I have a bunch of fungal ITS2 sequences and have been processing them following the SOP. I’m to the classification step and am using UNITE ITS2. When I use k=8 ~25% are unclassified (blasted a few of the unclassified and they came back as perfect matches to sequences in UNITE). Tried k=7, fewer unclassified but still more than 20% and still sequences that blast says should have been classified. Tried k=6 and suddenly all are classified at least to phyla. Naturally when something suddenly works, I worry what I might be doing wrong. Any insight why I’m getting such a difference between k=7 and k=6?
I suspect your phyla all have at least 6 sequences in them. Remember taht this method works by taking the k-closest matches and reporting the complete consensus taxonomy. So if k=7 and a phylum in your reference only has 6 sequences in it, that phylum will never get detected.
I was using the default method which I thought was Wang where k=kmer size, not the knn where k=#nearest neighbours. Is knn the default?

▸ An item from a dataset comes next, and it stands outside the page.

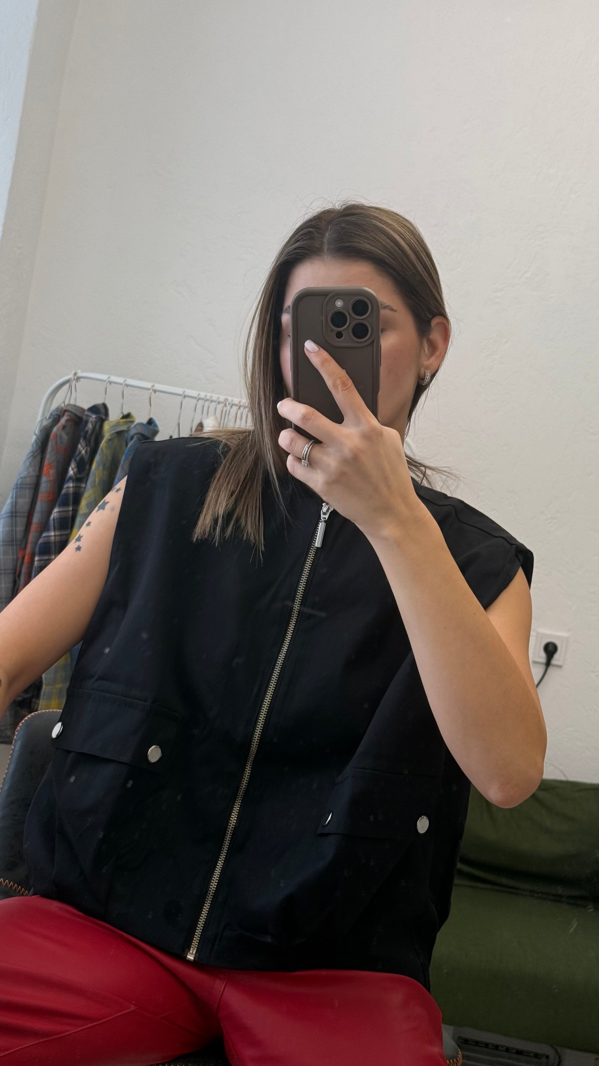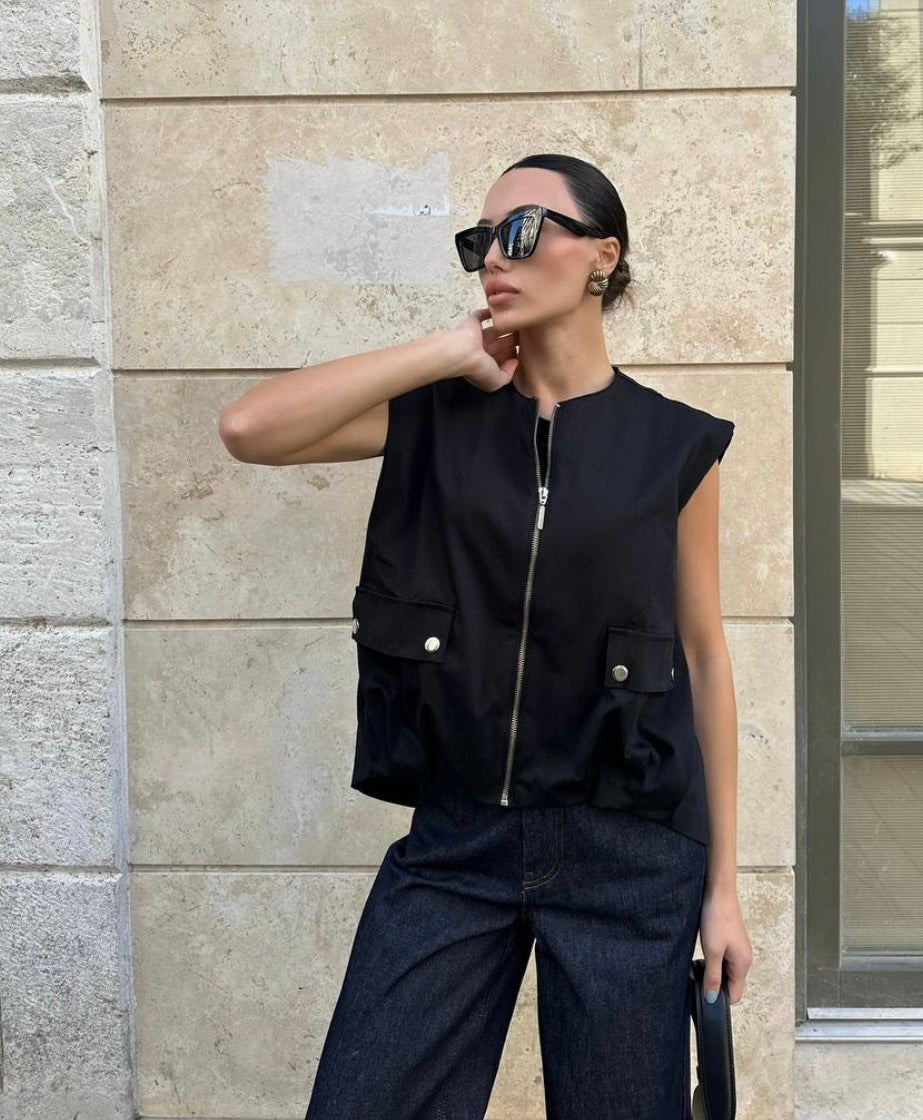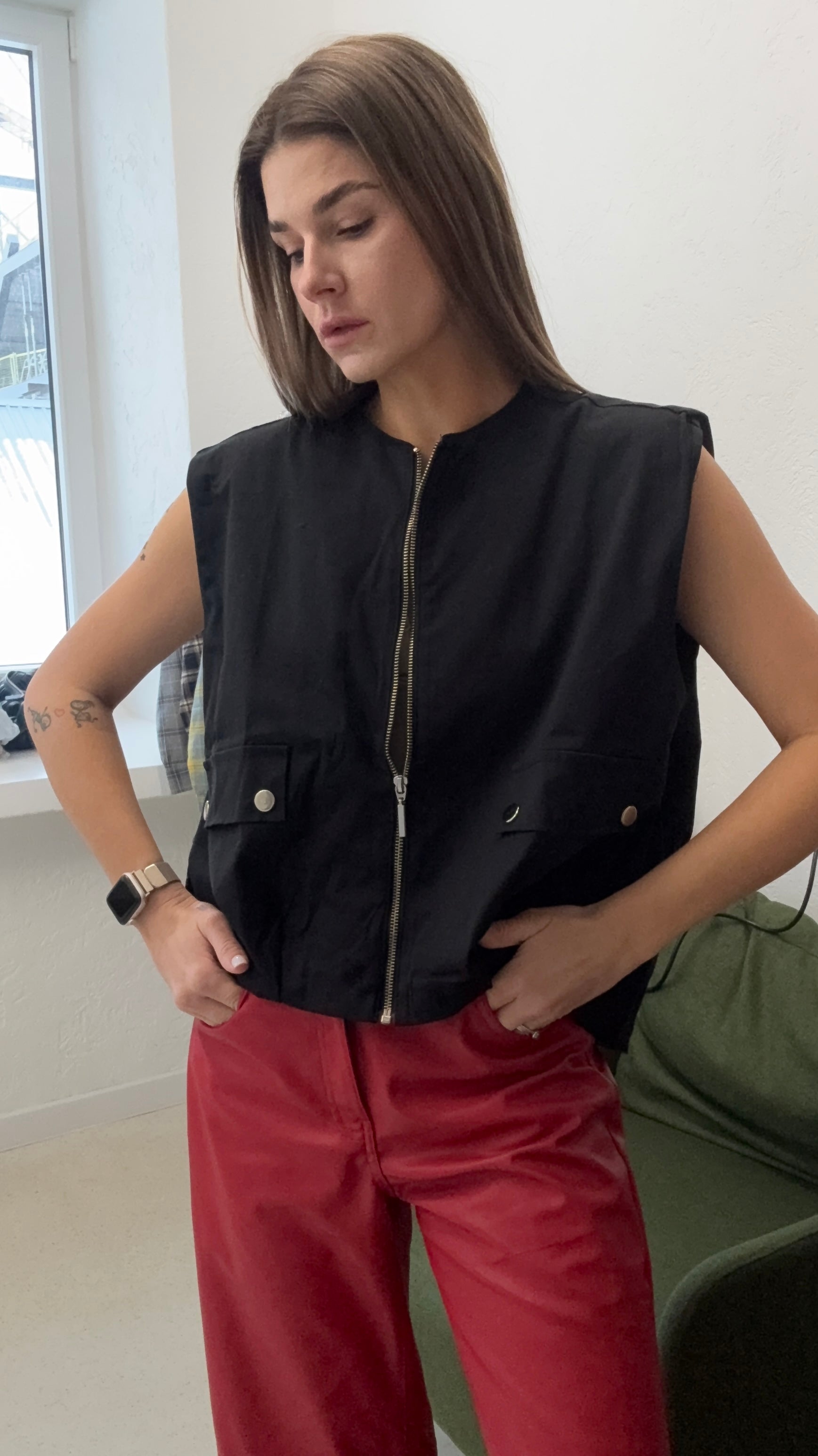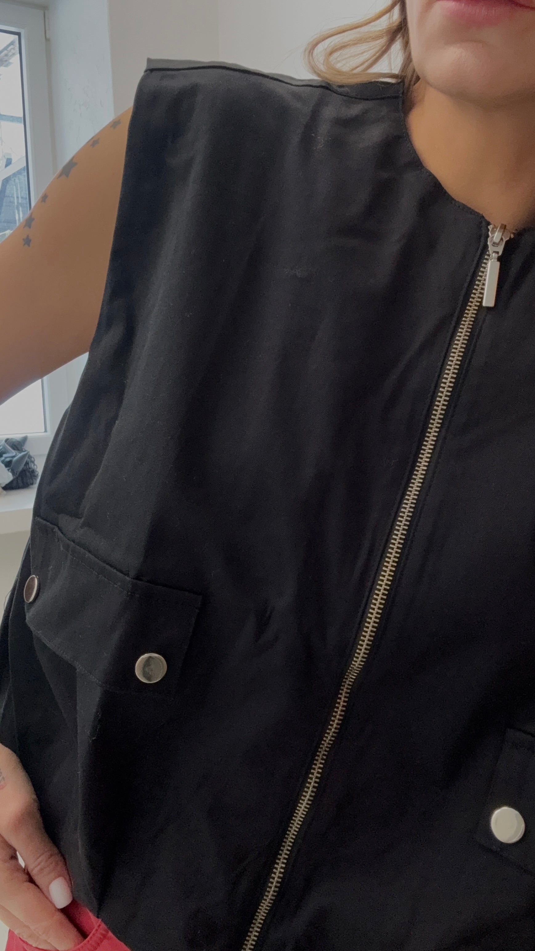 Kišenių imitacija su kniedėmis. Prailgintas galas. Liemenės oversize dydžio, tiks didesnei krutinei. Dydžiai atitinka. Jei nešiojate S - S ir imate, tik svarbu suprasti, kad jos bus didintos.

Argh, sorry. Not enough sleep… You’re correct.
The k-size will depend on the length of the sequences and the number of sequences in each taxon. Unfortunately, it can only really be determined empirically by doing a leave-one-out test to see how classification accuracy depends on kmer size. The other consideration is that larger k-sizes will take more time to do the classifications. In general a kmer size of 7 or 8 seems to work well in the stuff we’re testing.
ok thanks, I’ll add LOO on the UNITE db to my to do list